Как он радовался! В огороде танцевал с мешком кальмаров. Обещал, что устроит пир на весь мир. Выпросил у хозяев десятилитровую выварку, где обычно готовили поросям, начисто отмыл и сготовил на костре суп, в котором гады плавали, как живые. Соседи приходили глазеть на этот аквариум. Но сёрбать кулеш никто не решился, кроме Седьмого.
– Ну и чё? – интересовались люди.
– Да сапоги вареные, – честно отвечал он.
Поэт, как проклятый, три дня хлебал свою кулинарию, но не победил и трети. Когда из выварки завоняло тухлятиной, угощение отдали свиньям. Им понравилось. Они дружно пожирали кальмаров. Седьмого потряс вид трех поросят со щупальцами, торчащими из-под розовых пятачков.
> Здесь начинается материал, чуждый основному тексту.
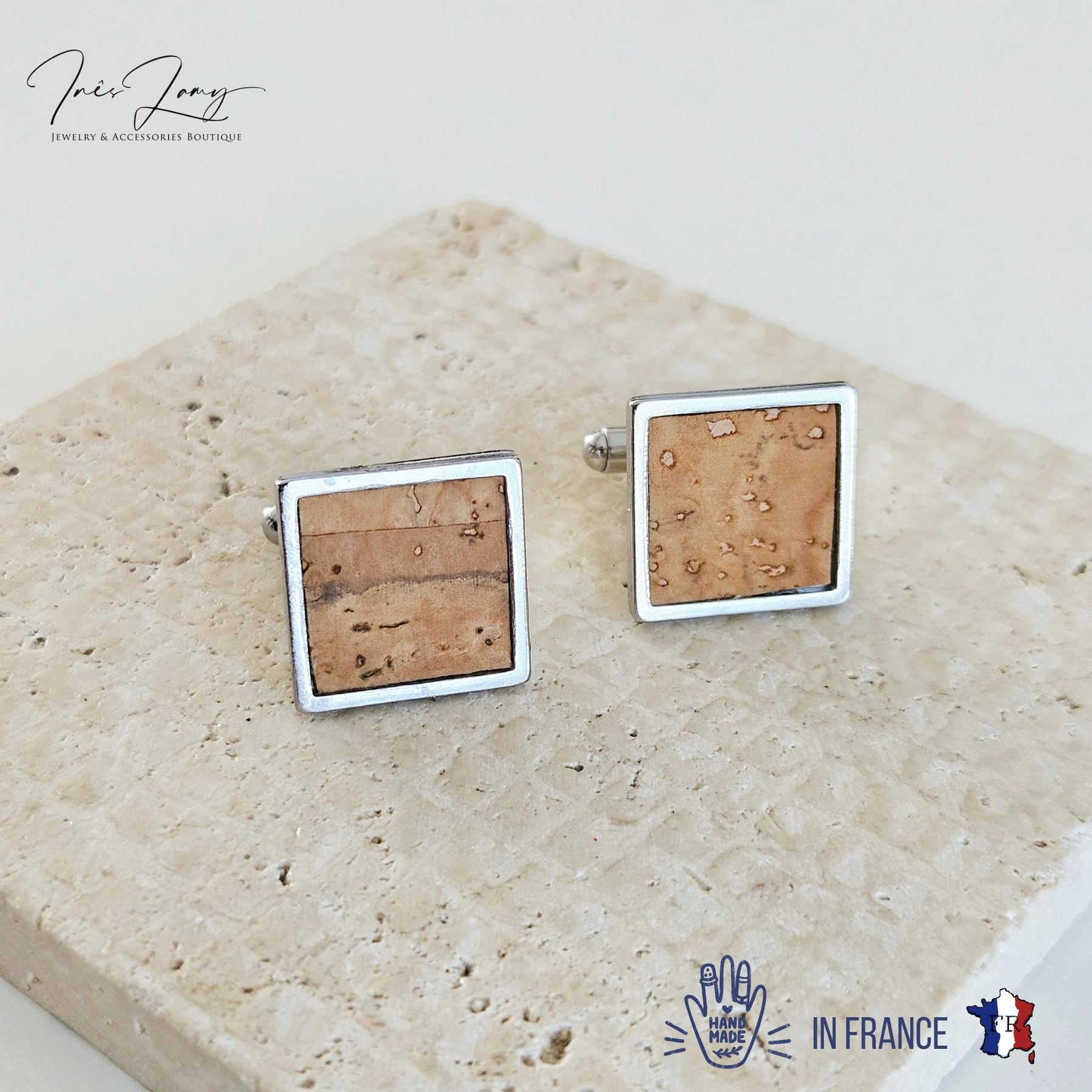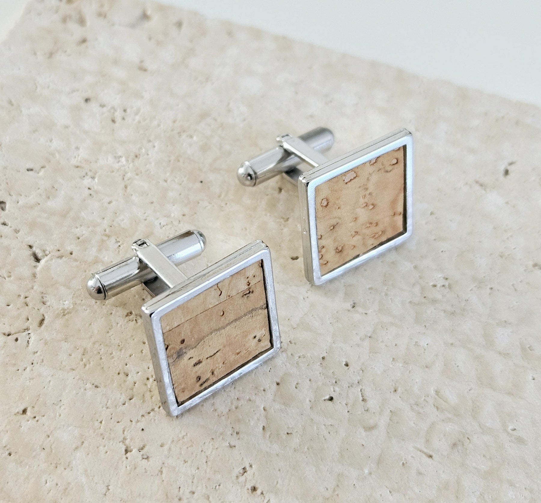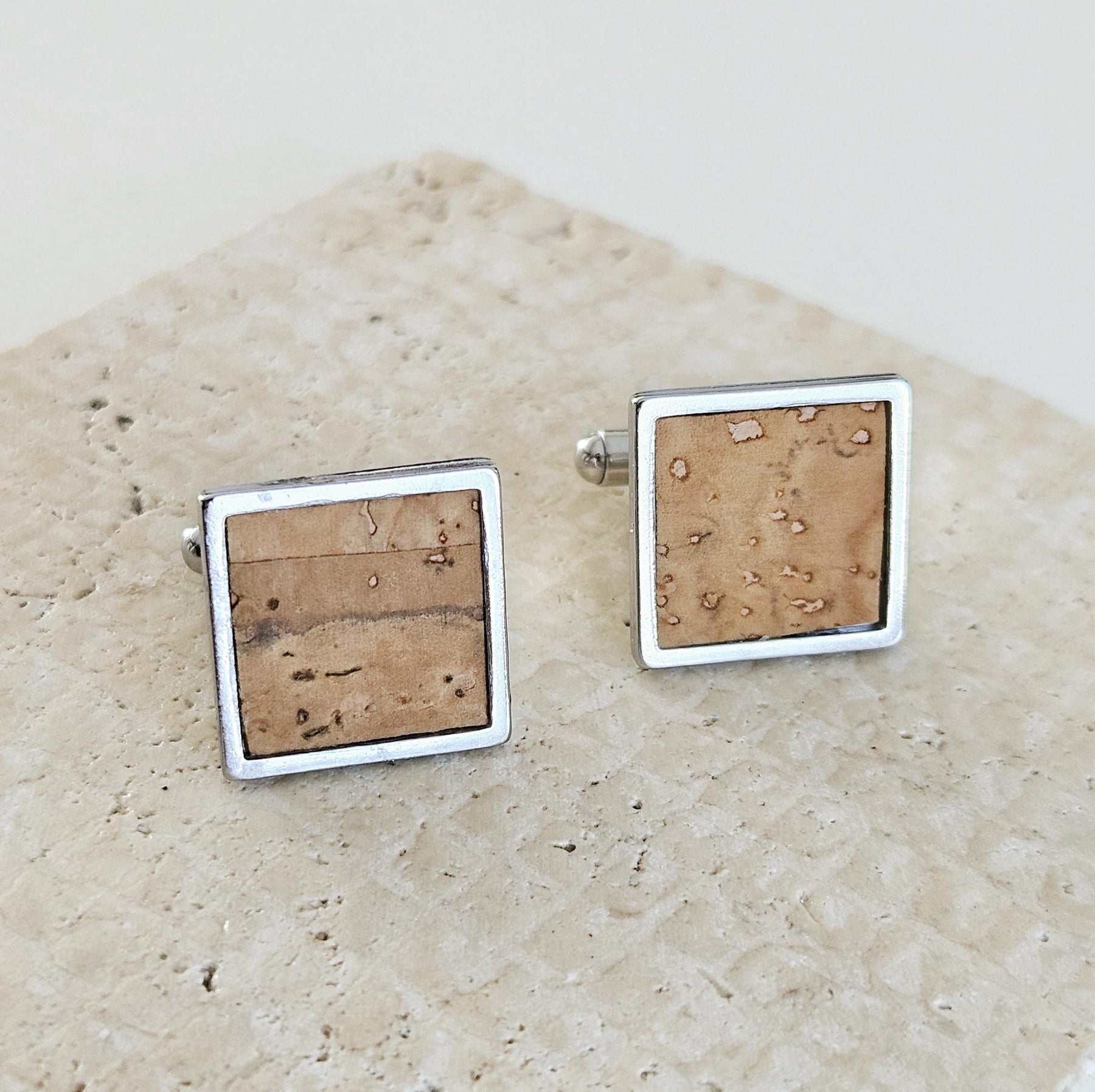 These cork cuff links are made with cork. Handmade and finished with a stainless steel cufflink base.
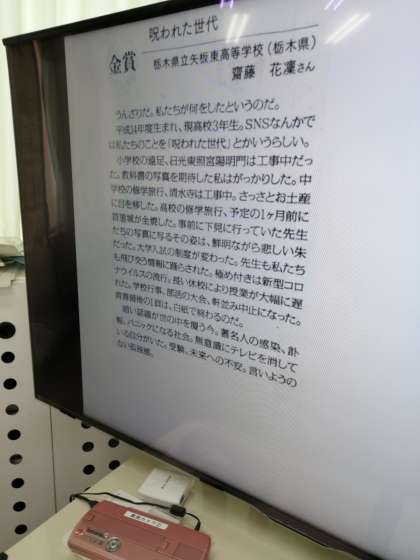 今回は作文コンクールで金賞を受賞した高校生の作文「呪われた世代」というものを読みました。

Поэт стоял в дверях хлева, чуть дыша от перееда, и что-то быстро записывал в блокнот. Вдохновение, догадался Седьмой. И придвинулся ближе, желая увидеть, как рождаются стихи. Но Поэт спрятал блокнот в карман и сказал:
– Это было прекрасно!
А вечером кишки у него завернулись (ска зали потом родители), и стало ему так худо, что с неба прилетела санавиация. Поэта взяли на носилки. Он только успел махнуть Седьмому рукой и вознесся ввысь на белом вертолете.
Пройдет много лет и, лежа на полу со связанными руками, Седьмой необыкновенно отчетливо вспомнит тот день вознесения Поэта.
– Кальмары, – пробормотал Седьмой, когда в рот ему сунули кирзовый сапог.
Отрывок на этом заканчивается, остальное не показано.